Case Presentation: A man in his 70s with history of benign prostate hypertrophy, diverticulosis, and polymyalgia rheumatica with previously elevated RF and anti-CCP serologies who first developed sinus symptoms and recurrent pneumonias four years prior to his current presentation. At that time, he had CT chest imaging demonstrate bronchiectasis and spirometry reveal an obstructive ventilatory defect. He was also noted to have yellow nails in his hands and feet with unclear etiology. He was started on an airway clearance regimen with occasional bronchiectasis flares over the years that required antibiotics. Prior to this hospitalization, the patient developed worsening shortness of breath and on CT imaging was found to have bilateral pleural effusions. He had an outpatient left sided thoracentesis that revealed a lymphocytic predominant exudative pleural effusion without evidence of malignancy.
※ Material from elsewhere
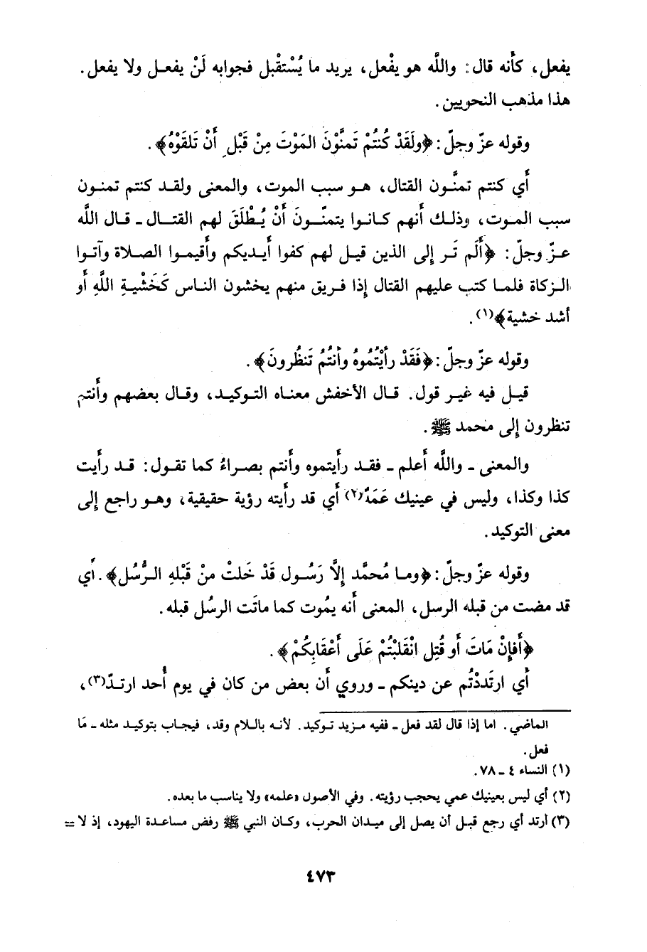 وقوله عزَّ وجل: (وَلَقَدْ كُنْتُمْ تَمَنَّوْنَ الْمَوْتَ مِنْ قَبْلِ أَنْ تَلْقَوْهُ فَقَدْ رَأَيْتُمُوهُ وَأَنْتُمْ تَنْظُرُونَ (143)

During this period of close laboratory monitoring, he developed a progressive neutropenia for which he was referred to the ED for additional workup. In the ED, he endorsed weeks of lethargy, a 10-pound unintentional weight loss due to decreased appetite, progressive dyspnea that improved after thoracentesis, worsening lower extremity edema, and generalized weakness. He had no sick contacts, fevers, infectious symptoms, cardiac complaints, or new rash. He was COVID vaccinated and boosted. Family and social history were non-contributory to the patient’s presentation. Vital signs were normal. On exam, he was noted to have yellowing and clubbing of his nails in all four extremities as well as right greater than left lower extremity edema.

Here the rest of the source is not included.